Motherhood Even Before Childbirth
It begins with a woman's longing to be connected to a baby.
BY: Juli Loesch Wiley
Motherhood starts with conception. Pope John Paul II said that the Annunciation, the conception of Jesus in the womb of Mary, is a high point not only of the history of the human race but of the universe. At the Annunciation, the Word became flesh, became flesh in the body of a woman.
Men are often tempted to think that their bodies were made for their own use. To a great extent this is true for everyone: Your hands, sir, are yours, they are for your use, and mine are for my use. A man can indulge this illusion of autonomy even further by supposing that even his genitals are there for himself. They’re a source of at times almost compelling drives and intriguing sensations. Even his testes are useful for him, in that the hormones they produce provide certain secondary sexual characteristics he has an interest in maintaining.

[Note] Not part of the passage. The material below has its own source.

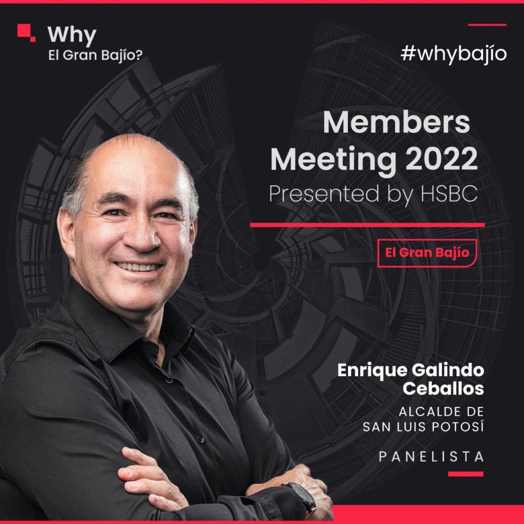 El alcalde de San Luis Potosí, Enrique Galindo Ceballos, participará este jueves, en la Ciudad de México en el encuentro sobre economía regional denominado “Members Meeting – El Gran Bajío”, organizado por HSBC, donde tendrá una presentación titulada: “San Luis Potosí, de Inversión Extranjera Directa a Macro Proyectos”, en un panel junto con el Embajador de Alemania en México, Wolfgang Dold; el Presidente y CEO BMW Group Planta SLP, Harald Gottsche; el CEO de Iberdrola México, José Enrique Alba Carcelén.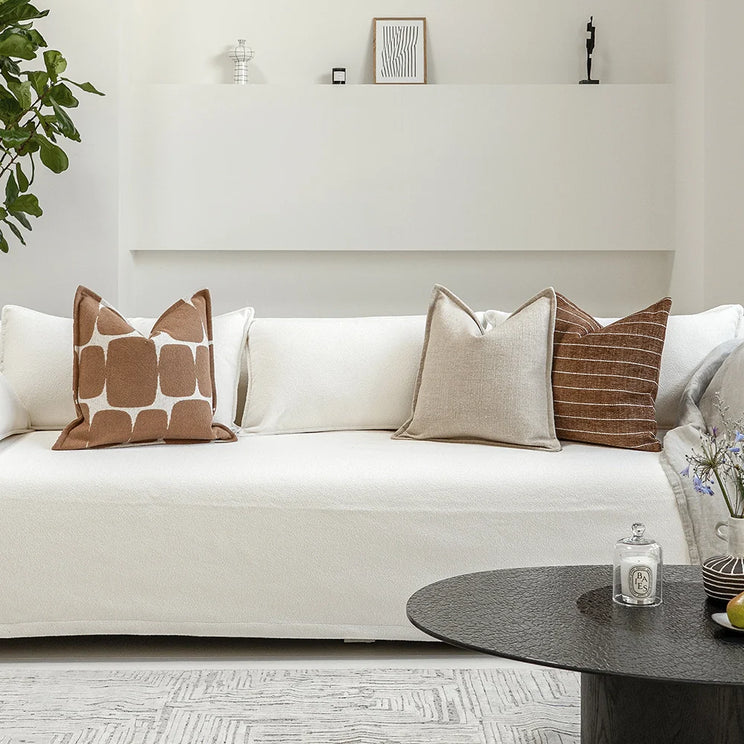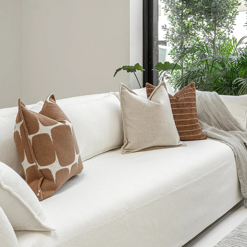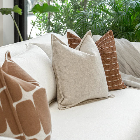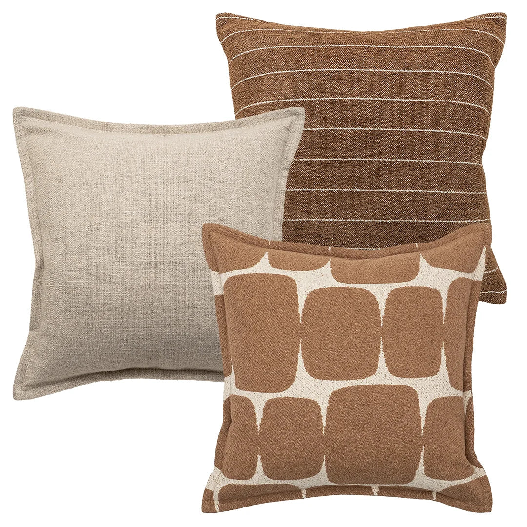 The perfect balance: this three-piece cushion bundle is both playful and refined. Mixing plain, striped and rectangle pattern designs, the ivory and brown cushions will elevate a neutral décor scheme.

But a woman’s body has all these nooks and crannies which are no use to us but evidently were put there for someone else. Don’t get me wrong: We women have our pleasure doodads and our own hormonal self-interest as well. But then, well, there’s the womb. That’s not there for me. I can do without it. It was obviously put there for someone else. The same is true of mature mammary glands, rich with branching ducts and reservoirs, as they are found in nursing mothers and as they are not found in childless females, however nubile and Parton-esque they may be.
Our female bodies are connectors: Inter-connectedness is not just a concept, it’s built into us. This gives us the sense that we find in Mary’s Magnificat, of being, within our own bodies, the living link between past and future: “Behold, all generations will call me Blessed...His mercy is on those who fear him, from generation to generation...As he spoke to our ancestors, to Abraham and to his posterity forever.”
Mary sees ancestors past, and posterity future, linked in the center of her being. Her person—her body, her soul, her faithful heart—is the connector. She who is more spacious than the heavens. This makes autonomy, as an ideal, a poor fit for women. Women have a special gift, even a genius, for bondedness.
In conception and pregnancy, the mother and the child form a kind of multi-personed continuity. They are kaleidoscopically interdependent. To me, it is somewhat perverse even to imagine a pregnant woman and her unborn child separately.
It seems to me that when a woman marries a man, she has a right to expect children—or at least an honest go at it. I had a friend, Callie, with two children, Mark and Sophie, 5 and 2. Callie was a fine homemaker, the picture of happiness nursing her strong and vigorous little daughter, and obviously good at mothering. One day she told me she felt blue, because she knew Sophie was her last. After her, there would be no more babies.
“Callie, that’s so sad. What’s the problem?” I asked. “I always wanted four kids or so,” she told me, “but Burt (that’s her husband) only wanted one. I kinda sneaked past him with Sophie. But when she was born, he insisted that I should have my tubes tied.”
Tubes tied at 28. Her eyes brimmed up, and I could feel the tears start in my own eyes too, tears of sympathy, but also tears of anger. It’s as if her husband, instead of saying to her, “Callie, I dearly cherish what you are as a woman, a wife, and a mother,” had said, “Honey, I’d like you a lot better if I could get you surgically disabled. Motherhood? Let’s cut that out right here. Let’s cut you down to size.”